→ **Task to carry out**:
Leave the pictures out and print, word for word, the lines below from the one with "Boost your efficiency, stay" through the final line.

→ **Provided material**:

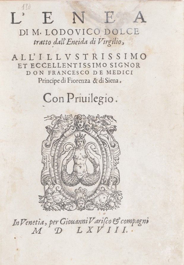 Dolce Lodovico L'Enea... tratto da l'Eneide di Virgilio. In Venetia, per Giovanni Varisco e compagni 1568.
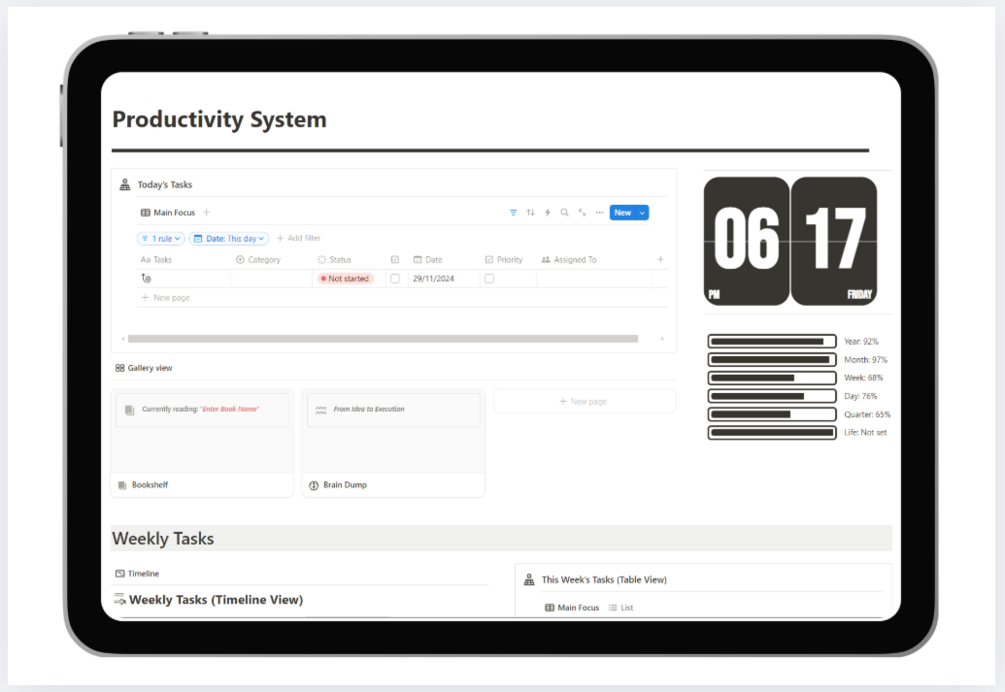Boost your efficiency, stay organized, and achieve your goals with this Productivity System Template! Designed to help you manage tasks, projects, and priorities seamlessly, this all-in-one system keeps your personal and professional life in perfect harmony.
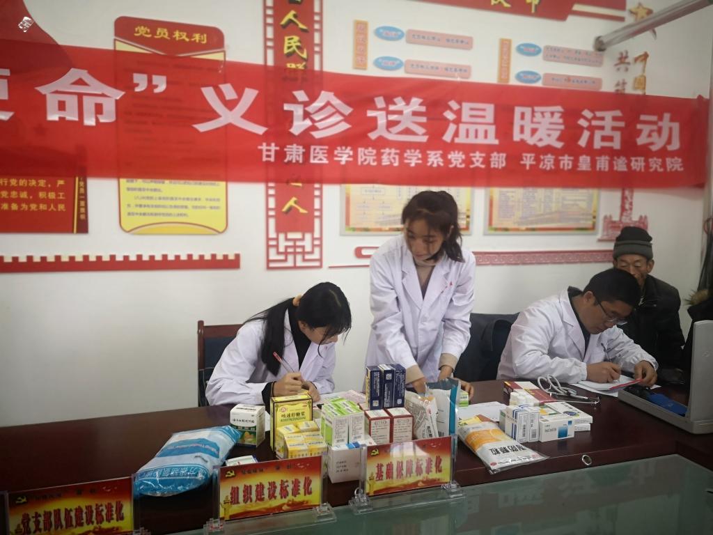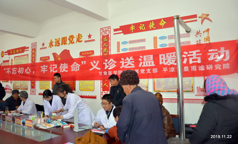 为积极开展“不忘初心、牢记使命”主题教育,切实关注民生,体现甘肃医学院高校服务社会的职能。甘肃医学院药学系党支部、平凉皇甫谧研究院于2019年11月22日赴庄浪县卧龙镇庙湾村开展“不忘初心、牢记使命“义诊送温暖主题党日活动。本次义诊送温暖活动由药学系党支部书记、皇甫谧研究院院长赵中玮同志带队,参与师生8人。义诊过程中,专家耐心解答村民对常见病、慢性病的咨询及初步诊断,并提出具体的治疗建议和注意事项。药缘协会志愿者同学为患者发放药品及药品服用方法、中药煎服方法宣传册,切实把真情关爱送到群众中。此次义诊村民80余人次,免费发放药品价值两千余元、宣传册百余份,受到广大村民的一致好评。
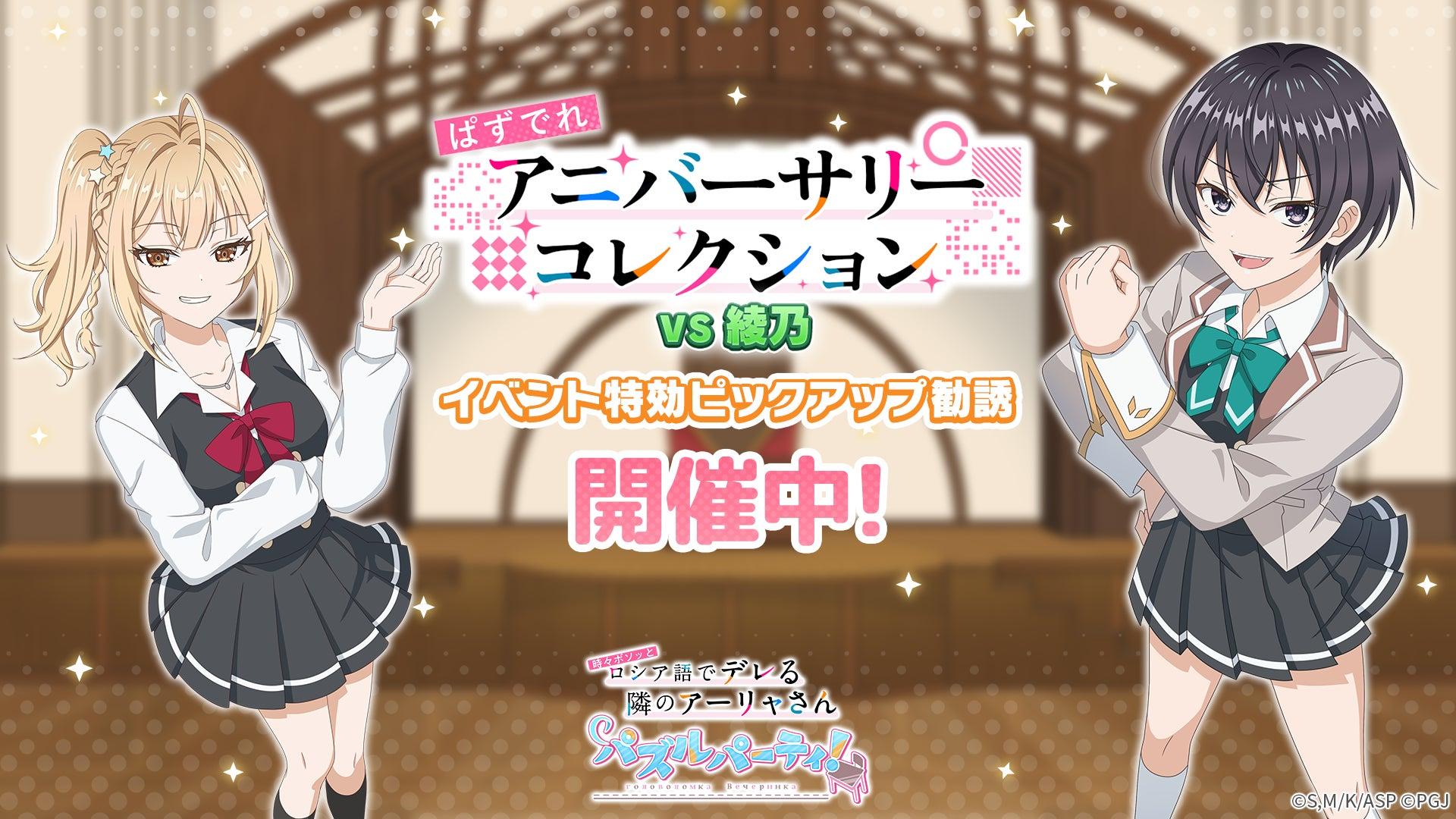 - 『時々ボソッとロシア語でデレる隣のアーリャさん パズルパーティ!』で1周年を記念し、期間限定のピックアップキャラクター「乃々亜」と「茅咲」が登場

→ **Problem solution**:
Boost your efficiency, stay organized, and achieve your goals with this Productivity System Template! Designed to help you manage tasks, projects, and priorities seamlessly, this all-in-one system keeps your personal and professional life in perfect harmony.
 为积极开展“不忘初心、牢记使命”主题教育,切实关注民生,体现甘肃医学院高校服务社会的职能。甘肃医学院药学系党支部、平凉皇甫谧研究院于2019年11月22日赴庄浪县卧龙镇庙湾村开展“不忘初心、牢记使命“义诊送温暖主题党日活动。本次义诊送温暖活动由药学系党支部书记、皇甫谧研究院院长赵中玮同志带队,参与师生8人。义诊过程中,专家耐心解答村民对常见病、慢性病的咨询及初步诊断,并提出具体的治疗建议和注意事项。药缘协会志愿者同学为患者发放药品及药品服用方法、中药煎服方法宣传册,切实把真情关爱送到群众中。此次义诊村民80余人次,免费发放药品价值两千余元、宣传册百余份,受到广大村民的一致好评。
 - 『時々ボソッとロシア語でデレる隣のアーリャさん パズルパーティ!』で1周年を記念し、期間限定のピックアップキャラクター「乃々亜」と「茅咲」が登場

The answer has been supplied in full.